Mientras tanto, los accionistas y acreedores históricos han quedado en una posición de extrema vulnerabilidad, viendo cómo el valor de las acciones de BIOX, que funcionaban como garantía, se desplomaba.
Maniobras
Uno de los puntos más oscuros de la gestión de Sartori son las sospechas de manipulación del precio de las acciones. Se alega que el empresario vendió acciones a pérdida deliberadamente para empujar la cotización a la baja y consolidar su control sobre BIOX.

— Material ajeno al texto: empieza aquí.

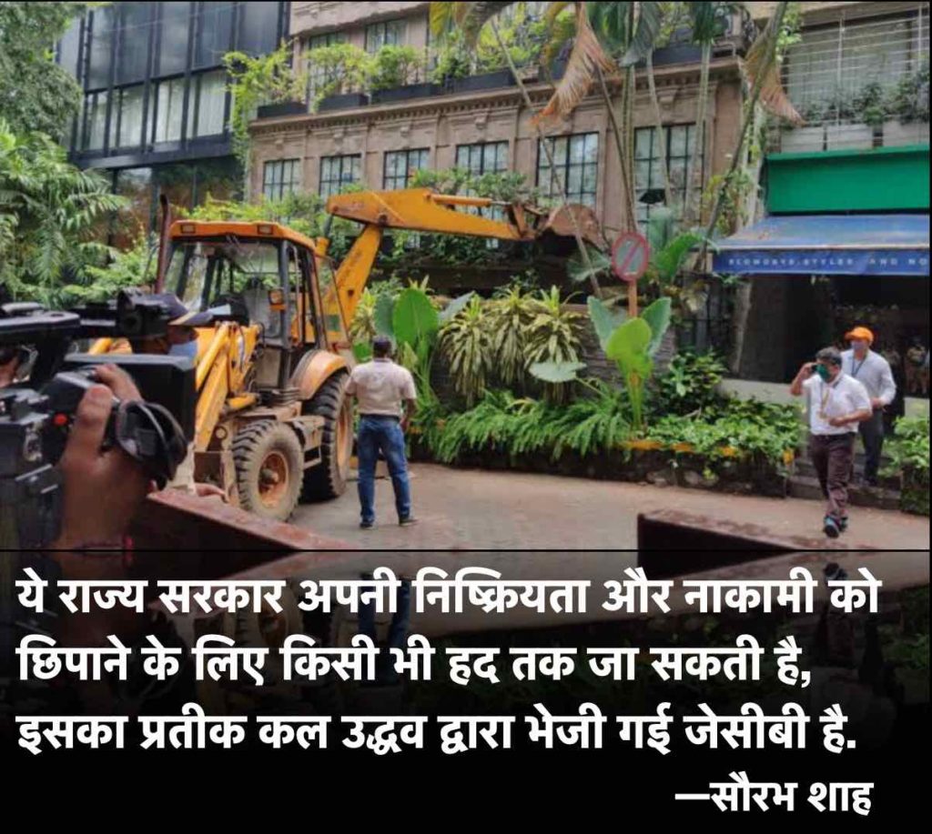 लोकतंत्र में नहीं बल्कि ठोकतंत्र में मानने वाली ये राज्य सरकार अपनी निष्क्रियता और नाकामी को छिपाने के लिए किसी भी हद तक जा सकती है, इसका प्रतीक कल उद्धव द्वारा भेजी गई जेसीबी है. बॉम्बे हाईकोर्ट ने उद्धव की इस हरकत को `बदइरादतन और खदजनक’ घोषित किया है. अनधिकृत निर्माण तोडना ही चाहिए और इसके लिए वर्षों तक प्रक्रिया चलती है ऐसा मुंबईवासियों ने देखा है. वॉर्डन रोड और पेडर रोड के जंक्शन पर बने `तिरुपति’ अपार्टमेंट पर निर्मित गैरकानूनी अतिरिक्त मंजिलों को तोडने की कानूनी कार्रवाई करने में बरसों बीत गए. महाराष्ट्र के पूर्व कांग्रेसी मुख्यमंत्री और उद्धव सरकार के सार्वजनिक निर्माण विभाग के मंत्री अशोक शंकरराव चव्हाण को जिस कॉन्ट्रोवर्सी के कारण मुख्यमंत्री का आसन छोडना पडा था, उस कोलाबा की प्राइम लोकेशन पर बनी आदर्श हाउसिंग सोसायटी के घोटाले के मूल में जो मुद्दे थे उसे पेड न्यूज द्वारा मीडिया में दबा दिया गया था, ऐसी शिकायत चव्हाण के चुनाव के दौरान इलेक्शन कमिशन में रखी गई थी. मुंबई की हजारों बहुमंजिला इमारतें, शॉपिंग सेंटर्स और लाखों झोपडियों के सामने अनधिकृत निर्माण के मामले हैं, लेकिन इन सभी में से एक कंगना राणावत पर ही निशाना लगाकर चौबीस घंटे के अंदर नोटिस देकर मालिक की गैरमौजूदगी में दर्जनों हथियारबंद पुलिस वालों को लेकर उद्धव ने महानगरपालिका से जेसीबी द्वारा जो काम करवाया है, उसके बाद मुंबईवासी ही नहीं, बल्कि सभी महाराष्ट्रीय लोग इस आदमी पर पांच पैसे का भी भरोसा नहीं करेंगे. भरोसा है तो एक बात का कि २०२४ या उससे पहले (यदि मध्यावधि चुनाव हों तो) महाराष्ट्र विधानसभा सभा चुनाव से पहले शिवसेना मुंबई-महाराष्ट्र में दंगे करवाकर अराजकता और मिसइन्फॉर्मेशन का दौर चलाएगी और कोशिश ये होगी कि मतदाताओं को उसमें भाजपा की गलती नजर आए. २०२४ से पहले महाराष्ट्र को शिवसेना – कांग्रेस स्पॉन्सर्ड दंगों का सामना करने की तैयारी रखनी पडेगी.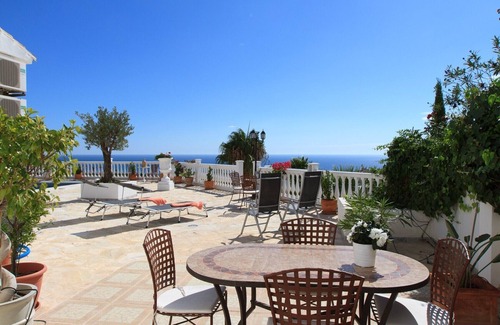 Mediterranean Villa with panoramic views in walking distance to the beach, shopping and restaurants.The villa is ideal for several families or a family with several generations, since there are plenty of outdoor space, several cosy corners and terraces. There are many positive details and facilities in the villa. The villa is located on the outskirts of the cosy Mediterranean town La Cala de Mijas on the Costa del Sol's west side of Malaga, and it does not take 10 minutes to go to the city town centre to get an ice cream or enjoy a good dinner at one of the many restaurants.The entire villa is very nice decorated inside and outside and everything appears nicely and still functional, for you to have a wonderful stay.In front of the house is an Andalucian inspired patio with natural stone and a nice sitting area with patio table and chairs where you can enjoy the peace. Natural stones and cosy corners are a theme thorough the entire plot, where there is ample opportunity to relax and enjoy the stay.The villa has five bedrooms and three bathrooms, two bedrooms and one bath is located in a separate annex with its own private entrance. The annex also contains; a kitchenette including sink and refrigerator.Inside the main villa is a fully equipped kitchen with oven, dishwasher, American fridge with ice cube maker, utility room with washer and tumbles dryer. The kitchen is in open connection with the dining room, which is nicely furnished with dining table with extension plate. The living room is bright and pleasant with comfortable sitting areas, TV, DVD, wireless Internet and air conditioning. Although satellite channels are only on TV in the main house. DVD in anneks.Although the dining room and the living room are very nice, the most will stay on the outside covered terrace with glass walls, which are like an extra room during both winter and summer. The covered patio is furnished just as lovely as the living room with comfortable sitting area, TV, DVD and a round dining table, which offers a compelling view of the Mediterranean and the bay of the village.The bedrooms are all nice decorated with quality furnishing, good mattresses in the beds and all have air conditioning:Bedroom 1)Master bedroom located in the main house includes: double bed, wardrobe, air conditioning, TV, bathroom en-suite, direct access to the terrace.Bedroom 2)Located in the main house contains two joined single beds, wardrobe, air conditioningBedroom 3)Located in the main house contains; 2 joined single beds, wardrobe, deskBedroom 4)Located in the annex includes: double bed, TV, air conditioningBedroom 5)Located in the annex includes: double bed, bookshelf, TV, DVD, air conditioning, exit to the terrace.The bathrooms are nice decorated with beautiful natural colored tiles and all have underfloor heating and hairdryersBathroom 1)Located in the main house, en-suite with Master Bedroom, 2 sinks, towel heater, large shower and heart shaped tub.Bathroom 2)Located in the main house contains a shower.Bathroom 3)Located in the annex contains a shower.The villa continues to surprise and offer in the exterior even more lovely and convenient facilities. Among other things, there are patio tables and chairs outside each bedroom in the annexe, covered outdoor kitchen with refrigerator, bar, sink, dining table, gas grill and Weber charcoal grill and an area that can provide the scenario for many enjoyable evenings in good company.The pool is large 40m2, measuring 8x5 meters with Roman steps. Note that if you have small children, you can order installation of safety nets (www.babysegur.com) around the pool, so children can play safely persuaded on the terraces. Notice that you can stay completely undisturbed on all terraces.In summary, it can be mentioned that there is air conditioning in all bedrooms and living room, wireless Internet networks, satellite TV including Danish, Norwegian, Swedish, English and German channels available on the TV in the lounge and the terrace (not in the bedrooms). The remaining 4 TV have the common Spanish channels and there is a DVD in one of the bedrooms in the annexe.The villa is located less than a half hour drive from the airport and Malaga city. The location is excellent and central if you wish to explorer Andalucia and all its sights and there are also plenty to explorer in the local area. The beach is about 900 meters from the villa and you can see down to El Chaparral's golf courses. El Chaparral's clubhouse is about 3 km from the house and there are about 6 km to the Miraflores golf. But there are plenty of other courses to choose from and just to mention some of the closest; Torrequebrada, Calanova Golf, La Cala Golf, etc.The supermarket is less than 5 minutes from the villa. In the city are found restaurants, shops, cafes, bank, etc. If you want fresh fruits and vegetables, there is a large market every Wednesday and Saturday all year round in the town. There are many good restaurants in the area and the nearest (Restaurant Olé), which by the way is very popular, is located in the urbanization, only few minutes walk from the villa.All together this is a great villa with easy access to ‘everything’ and a superb choice for a great vacation.

Estas ventas se habrían producido en momentos críticos, mientras los accionistas históricos se encontraban bloqueados en procesos de canje de títulos que duraron hasta 45 días, impidiéndoles reaccionar ante el desplome.
Hoy, Bioceres SA ha dejado de ser la potencia biotecnológica que fue para convertirse en una "cáscara" bajo el control uninominal de Sartori y algunos fondos institucionales. En marzo entró en quiebra.
Aunque la entidad BIOX se mantiene técnicamente independiente con un directorio atomizado donde Trucco aún resiste como CEO, el corazón de la operación original, Bioceres SA, ha quedado reducida a una dependencia de Moolec y un campo de batalla legal y financiero.
Lo que queda claro es que, bajo la órbita de Sartori, la prioridad ha dejado de ser el campo y la ciencia para convertirse en un ajedrez contable donde los platos rotos los pagan los acreedores y los socios fundadores.